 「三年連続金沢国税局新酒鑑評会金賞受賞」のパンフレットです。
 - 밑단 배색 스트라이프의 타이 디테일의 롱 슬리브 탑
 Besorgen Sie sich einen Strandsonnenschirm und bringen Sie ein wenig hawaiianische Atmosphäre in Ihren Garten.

...

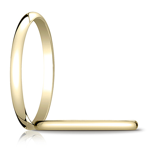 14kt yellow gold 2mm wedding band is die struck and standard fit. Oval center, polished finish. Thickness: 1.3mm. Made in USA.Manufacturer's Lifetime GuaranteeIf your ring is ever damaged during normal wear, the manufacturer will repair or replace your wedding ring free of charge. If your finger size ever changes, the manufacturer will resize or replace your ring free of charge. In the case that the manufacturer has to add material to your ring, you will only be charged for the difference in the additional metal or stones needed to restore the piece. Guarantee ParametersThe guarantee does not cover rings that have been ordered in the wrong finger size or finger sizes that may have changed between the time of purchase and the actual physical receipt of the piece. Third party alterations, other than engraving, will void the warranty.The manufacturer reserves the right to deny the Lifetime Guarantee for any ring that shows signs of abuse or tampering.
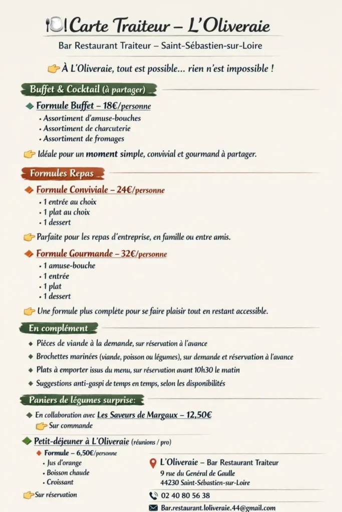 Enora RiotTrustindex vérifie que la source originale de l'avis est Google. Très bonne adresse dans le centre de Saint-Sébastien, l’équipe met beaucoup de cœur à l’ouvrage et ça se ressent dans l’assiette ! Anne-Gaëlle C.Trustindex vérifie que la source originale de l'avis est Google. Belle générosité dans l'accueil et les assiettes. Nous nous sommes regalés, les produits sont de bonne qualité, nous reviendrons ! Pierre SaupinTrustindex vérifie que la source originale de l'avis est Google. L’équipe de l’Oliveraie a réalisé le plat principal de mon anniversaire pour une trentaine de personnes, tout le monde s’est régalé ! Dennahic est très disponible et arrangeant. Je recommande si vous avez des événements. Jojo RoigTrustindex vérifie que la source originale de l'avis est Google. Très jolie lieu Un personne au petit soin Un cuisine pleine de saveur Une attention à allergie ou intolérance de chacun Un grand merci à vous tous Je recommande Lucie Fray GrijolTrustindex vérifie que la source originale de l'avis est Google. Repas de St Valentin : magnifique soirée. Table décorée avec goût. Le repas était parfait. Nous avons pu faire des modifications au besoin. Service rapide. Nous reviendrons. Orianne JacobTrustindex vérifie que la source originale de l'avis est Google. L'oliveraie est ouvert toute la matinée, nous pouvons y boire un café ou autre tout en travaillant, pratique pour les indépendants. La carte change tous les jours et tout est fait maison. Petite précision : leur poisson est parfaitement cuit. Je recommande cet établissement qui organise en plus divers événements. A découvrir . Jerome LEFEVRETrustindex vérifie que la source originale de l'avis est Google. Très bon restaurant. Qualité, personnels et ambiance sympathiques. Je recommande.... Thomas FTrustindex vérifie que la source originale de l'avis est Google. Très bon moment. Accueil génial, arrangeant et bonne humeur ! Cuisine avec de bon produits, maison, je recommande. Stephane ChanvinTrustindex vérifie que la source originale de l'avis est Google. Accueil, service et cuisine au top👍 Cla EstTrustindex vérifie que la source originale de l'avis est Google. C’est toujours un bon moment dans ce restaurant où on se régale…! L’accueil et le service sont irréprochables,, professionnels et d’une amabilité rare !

---

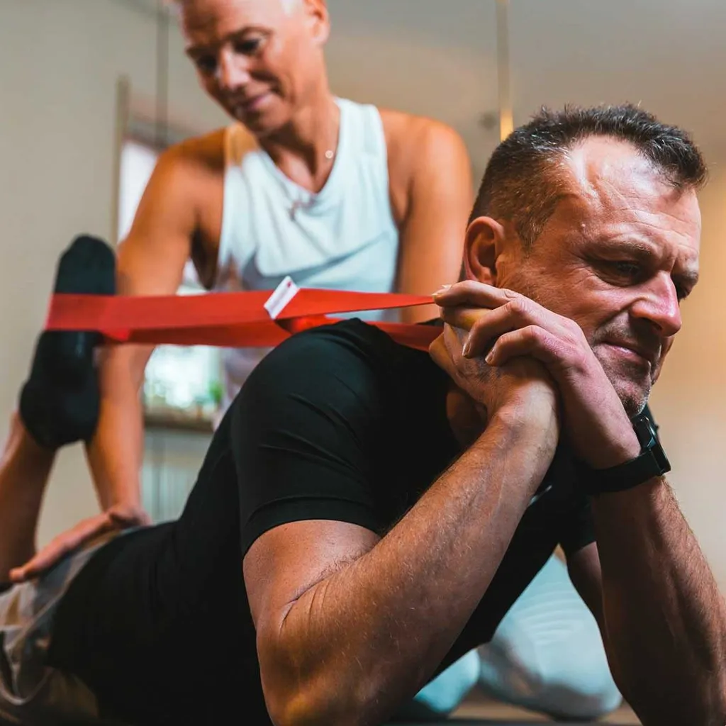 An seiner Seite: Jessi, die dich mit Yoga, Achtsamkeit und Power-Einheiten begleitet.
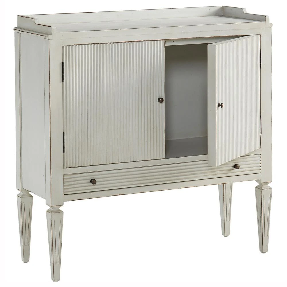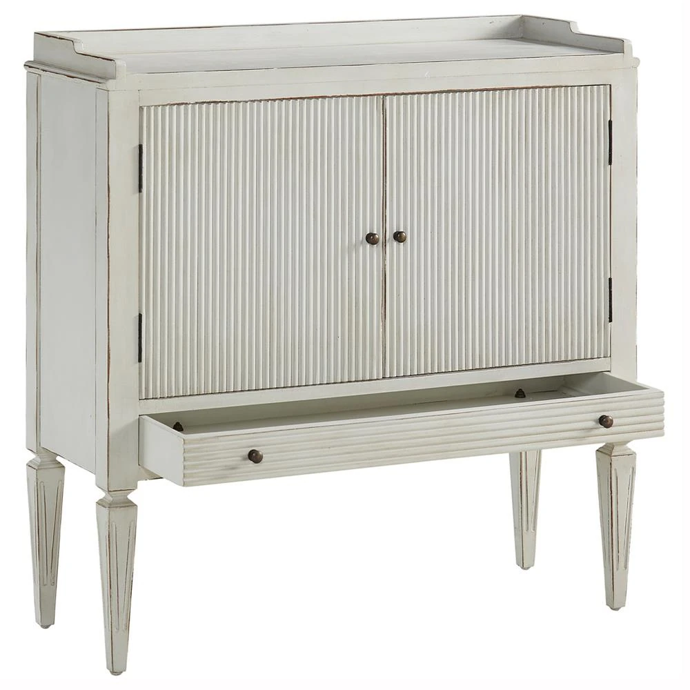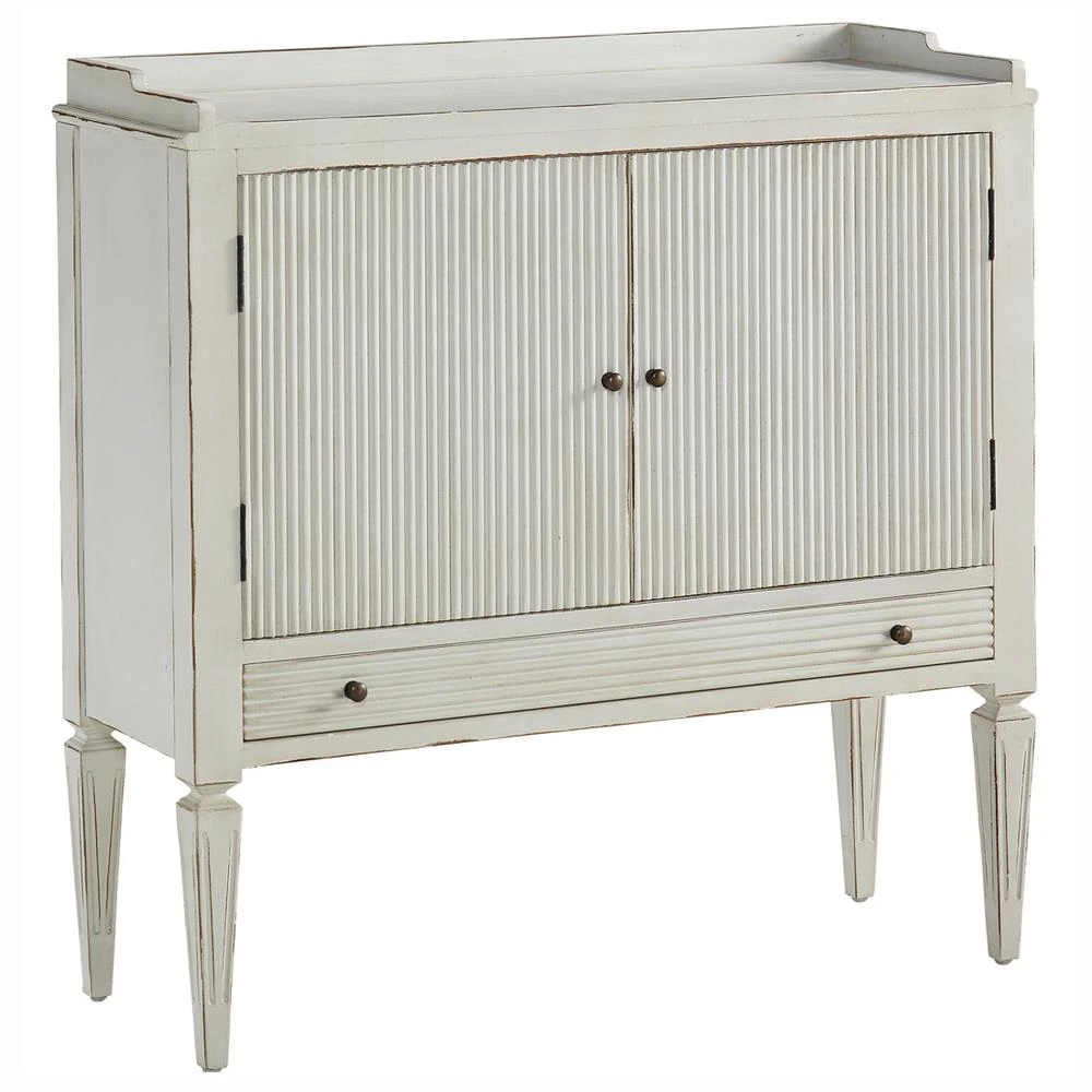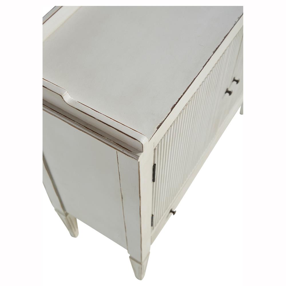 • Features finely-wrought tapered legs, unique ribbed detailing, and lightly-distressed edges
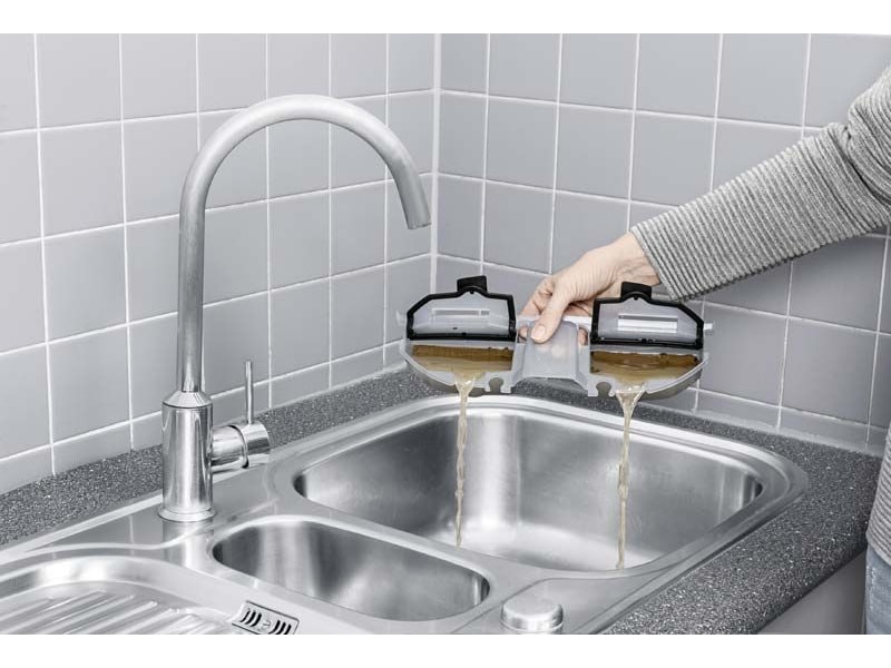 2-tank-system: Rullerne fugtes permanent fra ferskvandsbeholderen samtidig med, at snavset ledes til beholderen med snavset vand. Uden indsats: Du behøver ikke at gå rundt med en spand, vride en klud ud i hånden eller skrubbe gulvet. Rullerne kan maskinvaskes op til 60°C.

What the exercise asks.
Would you retype the lines above from the one with "- 밑단 배색 스트라이프의 타이 디테일의 롱 슬리브 탑" down to the one with "Besorgen Sie sich", word for word, both ends included and no other lines?

Answer below.
 - 밑단 배색 스트라이프의 타이 디테일의 롱 슬리브 탑
 Besorgen Sie sich einen Strandsonnenschirm und bringen Sie ein wenig hawaiianische Atmosphäre in Ihren Garten.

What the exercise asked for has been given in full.